To address the lapses associated with frequent failures in the microfinance segment and enhance the efficiency of the MFB ecosystem, the CBN adopted certain measures, including a microfinance policy to ensure the growth of the microfinance sector. Before the policy came on stream in 2005, 65 per cent of the economically active population had no access to formal financial services. It became imperative, given the apex bank’s drive to push financial inclusion up to 80 per cent, that additional steps have to be taken to expand the horizon for more entrants into the microfinance segment in aid of operators in the MSMEs sector of the business community.

The CBN measures aimed at facilitating the smooth implementation of the microfinance policy, among others, include the establishment of the Microfinance Advisory Board (MAB) to coordinate and harmonise stakeholder interventions in the sub-sector, the establishment of the National Microfinance Policy Consultative Committee (NMFPCC), to provide direction and guidance on the policy implementation, as well as an Inter-Agency Technical Committee on the Implementation of the Microfinance Policy to address technical and conceptual issues related to the policy implementation.

The CBN has also established three Entrepreneurship Development Centres in Lagos, Onitsha and Kano on pilot basis to build the capacity and enhance the quality of potential clients of MFBs. The CBN also embarked on sensitisation and awareness campaigns to various stakeholders so as to encourage investors to set up micro-finance institutions, banks, Credit Bureaux, Rating Agencies, encourage governments to participate in the sub-sector and contribute to its development in the interest of their subjects, as well as educate them on ways of promoting sustainable microfinance programmes.

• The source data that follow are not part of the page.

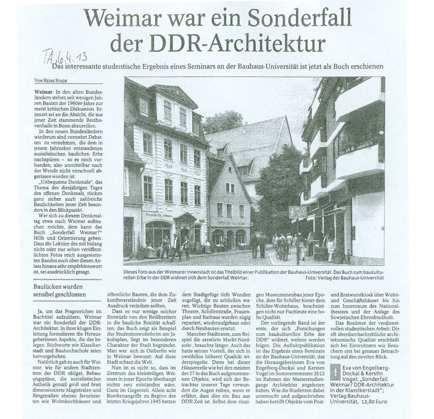 Am 6. April erschien in der Thüringer Allgemeinen eine Besprechung der vor kurzem veröffentlichten Publikation "Sonderfall Weimar? DDR-Architektur in der Klassikerstadt", herausgegeben durch Eva von Engelberg-Dockal und Kerstin Vogel.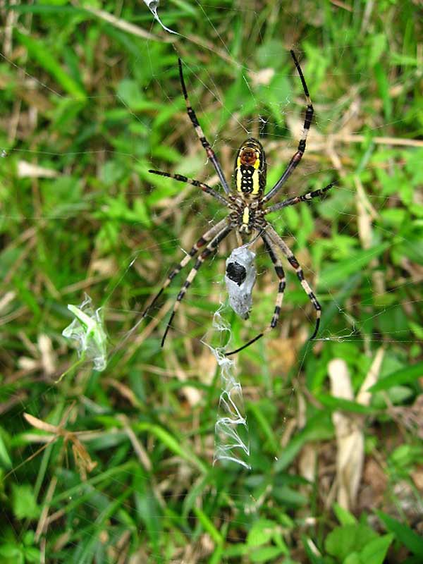 一瞬のうちにクモの糸に巻かれてしまったバッタ!それを観る参加者たちの驚き!! |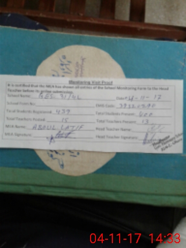| Attendance Register | Head Teacher | MEA with School | Visit Proof |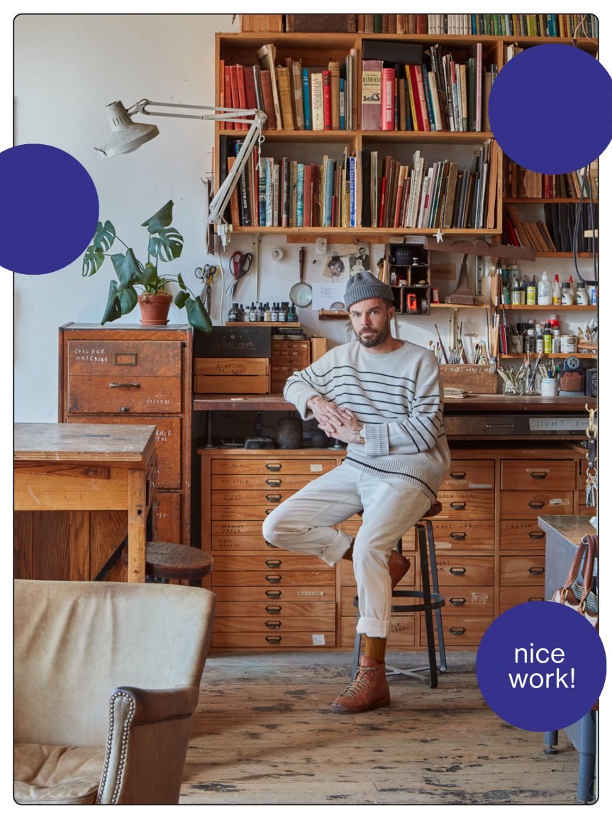 Visiting a person’s workspace is like taking a peek inside their brain. Whether it’s at home or in an art studio, Nice Work explores where creative people do all of their, well, creating, so that you can steal their on-the-clock style.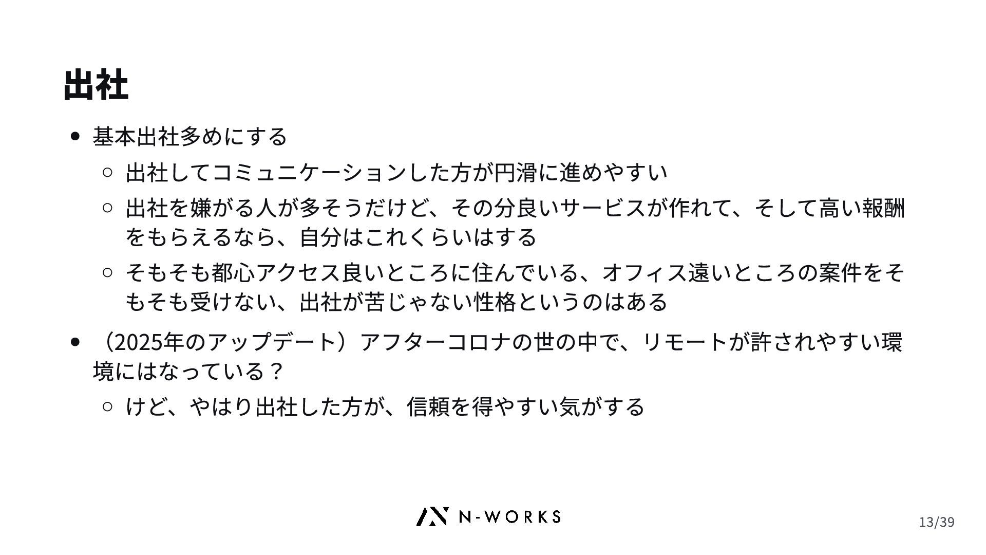 出社 基本出社多めにする 出社してコミュニケーションした方が円滑に進めやすい 出社を嫌がる人が多そうだけど、その分良いサービスが作れて、そして高い報酬 をもらえるなら、自分はこれくらいはする そもそも都心アクセス良いところに住んでいる、オフィス遠いところの案件をそ もそも受けない、出社が苦じゃない性格というのはある (2025年のアップデート)アフターコロナの世の中で、リモートが許されやすい環 境にはなっている? けど、やはり出社した方が、信頼を得やすい気がする

Deposit Money Banks are also encouraged to participate in microfinancing by setting up subsidiaries, departments or engaging in wholesale funding activities in favour of microfinance institutions; clients were enlightened on the opportunities in the microfinance sub-sector and enable them to access financial services; while Development Partners are encouraged to increase their activities in the sub-sector and ensure that they are aligned with the National Financial Sector Policy.

The CBN has equally initiated a review of the microfinance policy to address such areas as capital base, organic growth path, single obligor limit and restriction of operations of MFBs. To succeed and sustain microfinancing, either through MFIs or MFBs, there’s need to have good management and staff with proven skills.

Of equal importance, is the need  for adequate understanding and appreciation by consumers of the financial implication for the microfinance programme, so as to eliminate, or mitigate the likelihood of systemic abuse, misapplication of funds and undermining the ethos upon which the concept of microfinancing rests.  There’s no question that the concept of providing microloans at acceptable terms (low interest rate, collateral waiver) among others to alleviate the economically active poor has been widely proven and accepted across the length and breadth of the nation and elsewhere.

These microfinance schemes open a vista of finance for the poor and the unbanked who were denied, or alienated from having access to finance from the conventional banks as a result of absence of collateral.

Employment and Training

With over 916 licensed and registered microfinance banks, the direct and indirect jobs the MFBs have created is obvious. There are yet other jobs that have come on stream from other small businesses they have helped to create through their direct funding. MFBs in their operations, have equally boosted the managerial capacity of the youth and developed their potential to become future large corporate organisations. MFBs also offer financial services to the low-income earners who often do not have access to financial services offered by conventional banks due to high transaction and operational cost, and the high risk involved in extending credit to them.